# All black ic chips?



## chrishawn

Hi and thanks in advance for response.
My question is do all black ic chips have gold in them.
Or only certain types.


----------



## butcher

Black integrated circuit chips, that covers a very wide range of chips, in this case I would say no not all.
To me that sound's like asking do all rivers and streams have gold.

gold is where you find it. :lol:


----------



## chrishawn

Thanks Butcher,
Thats what i thought it would be, I have seen gold in some and none in others.
Is there a way to tell which ones have gold by looking at them, mabee by the numbers or the date on them?


----------



## Geo

its a crap shoot. your best bet is, if your going to process chips, process them all. even the chips that dont contain gold will still have silver and palladium.


----------



## chrishawn

Well thanks Geo,
Silver and palladium is not in my refining cup of tea, However i can pull them and sell them.
What do you think a pound of mixed ones is worth even on the low end.


----------



## Geo

i think Patnor is the man to talk to about IC's, but i can tell you that boardsort is paying $6.00 a pound for mixed chips.


----------



## nickvc

chrishawn said:


> Well thanks Geo,
> Silver and palladium is not in my refining cup of tea, However i can pull them and sell them.
> What do you think a pound of mixed ones is worth even on the low end.

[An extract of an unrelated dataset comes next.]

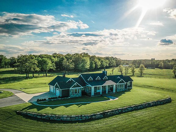 Your dream farm house is here! Live the best of both worlds...peaceful farm life yet only 10 minutes to Springfield in the sought after Rogersville area. This custom home, built by Rick Ramsey, in 2016 is completed with stunning features. This beautiful farm house including two barns, built by Marshfield Builders, on 26.30 acres is a one of a kind property. The first barn is 40'X40' with a 15' overhang and open upstairs with office space as well. The second barn is 60'X40' with a half bath inside. There are two Cattle Fly Oilers on the property, 3 tire waterers as well as 3 livestock shelters. The property is perfect for anyone who has livestock or is wanting livestock in the future. Surrounding land for purchase as well. Upon entering the home you will notice an open living space which show cases the kitchen and gas fireplace. The kitchen includes a walk-in pantry, high end appliances, soft close cabinets, and granite countertops. Just past the kitchen you will find an oversized laundry room that can also double as office space overlooking the wooded acres behind the home. The master bedroom is an absolute show stopper with views of the property from every angle. The guest bedroom consist of a built in window bench, large windows, and french doors to the backyard it really brings the outdoors in! The master bath has a double vanity with cabinet to ceiling backsplash, jetted tub, and walk in shower. The house rests just behind a private pond with functional fountain feature as well. The views are really unbeatable!

Well in my opinion why bother hand sorting or trying to when the values can be recovered through the processing, you don't have to refine them but simply recover them and worry about refining them when you have decent volumes, it's all a bonus at some stage and if there is lots more silver than palladium then the silver cell becomes your friend to separate them giving you fine silver and the slimes containing the palladium and any other values that got through.


----------



## Phillip Barrett

I am an electronic servicer, mostly tvs and computers and i see a wide variety of chips, both in size and shape. This has helped me as far as which chips to save. I guess just save them all. So from what i have read, so far,
about the only components on the boards worth saving are the sm caps and all the ics, is that correct?


----------



## shmandi

I have crushed many black epoxy IC chips to look for gold wire under microscope. And I just have not seen any that did not have gold wires inside.
Year of production size and encapsulation type were in wide range.
I am not saying that all ICs contain gold, I just have not seen one without gold yet. And I crushed hundreds of different type.


----------



## solar_plasma

Commonly, the number of legs or contacts per weight of the IC's is correlated to gold yield/weight.

That's why the dil kinds are low-grade and black top on green epoxy bga's are high grade.

I separate the magnetic ones from non-magnetic, so I know where I have iron and cobalt in my spent solutions and where I have mostly only copper. That makes it easier to treat, recycle or reuse them. But this might be more religion than applied science.


----------